Mit 13 Jahren spielte ich erstmals in der NFL, die, wie ich mittlerweile wusste, kein TV-Sender ist, sondern die National Football League in den USA. Natürlich hatte ich ein paar Anlaufschwierigkeiten, die vor allem technischer Natur waren, aber ich lernte auch in dieser Liga schnell und konnte in epischen Schlachten zahlreiche denkwürdige Siege auf dem Footballfeld feiern – mit der Playstation. Das Zauberwort, welches meine Verwandlung zum NFL-Spieler möglich machte, lautete: Madden. Die Football-Simulation, die nach der NFL-Coaching-Legende John Madden benannt ist.

Mein NFL-Stadion war das Zimmer meines neuen besten Freundes Cedric, den ich bei den Adlern kennengelernt hatte.

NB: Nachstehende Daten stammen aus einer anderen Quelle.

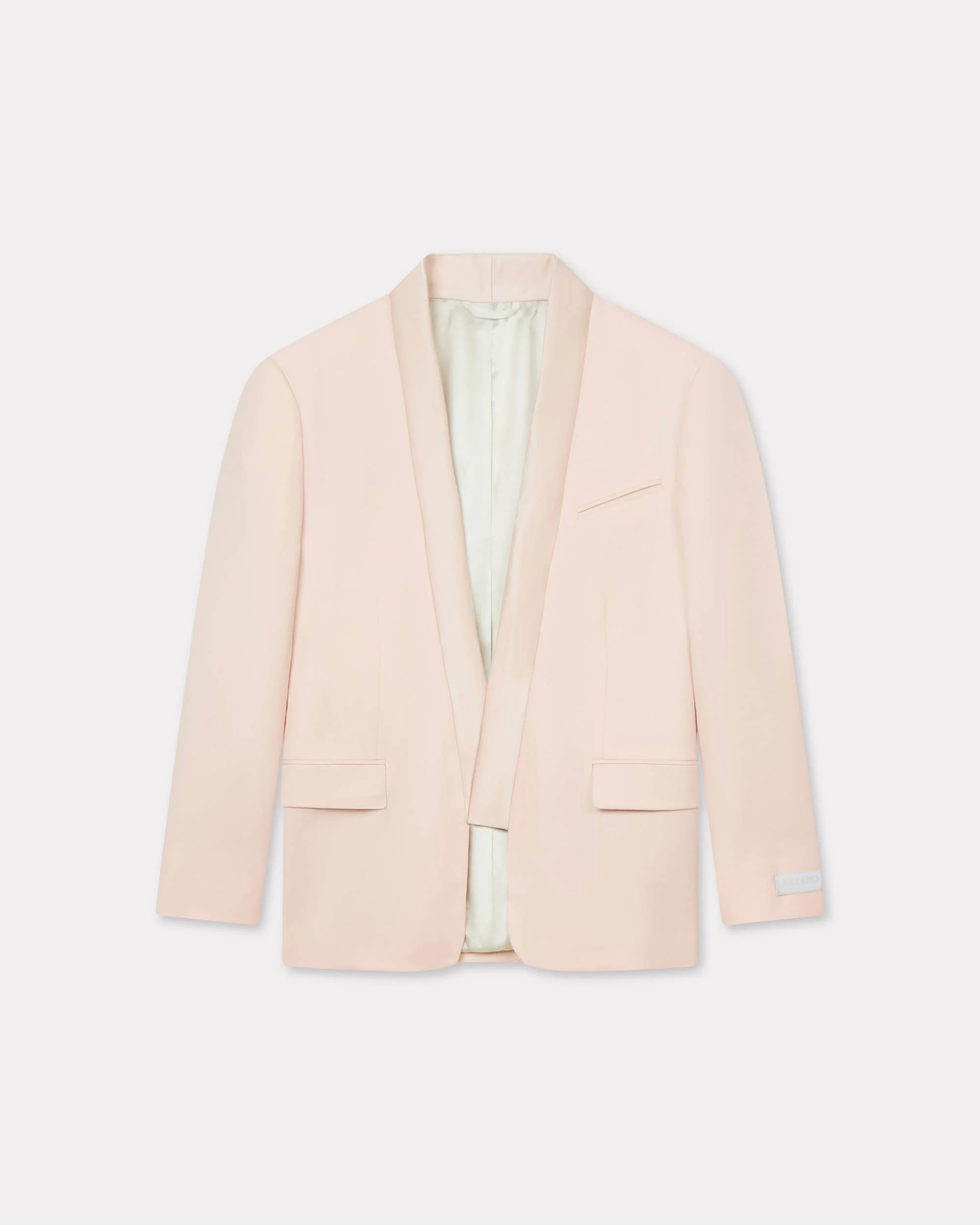 Kimono blazer. Virgin wool and satin lining. 2 jetted pockets and 1 double jetted pocket at chest. One double jetted pocket inside. Tonal 'KENZO Paris' label at sleeve. Product Reference: FF62VE2839TV.09 SIZE & FIT The model is 175 cm tall and is wearing size S. COMPOSITION & CARE Made in Portugal 100% virgin wool Line drying in the shade Do not tumble dry Do not wash Do not wet-clean

Eine schicksalhafte Begegnung, denn er wurde zu einer der Schlüsselfiguren in meiner Karriere und meinem Leben, was ich damals natürlich nicht ahnen konnte. Cedric und ich wurden schnell Best Buddies. Wir spielten damals stundenlang. Nach der Schule, vor dem Training. Am Wochenende übernachtete ich oft bei ihm, und wir zockten die ganze Nacht. Durch Madden lernte ich alle 32 Teams der NFL kennen, und es dauerte nicht lange, und ich kannte jeden einzelnen Spieler. Ich war ein totaler NFL-Experte, obwohl ich noch nie ein Spiel im Fernsehen gesehen hatte, denn damals gab es keine Fernsehübertragung der Regular Season im deutschen Free-TV, wie wir es heute kennen.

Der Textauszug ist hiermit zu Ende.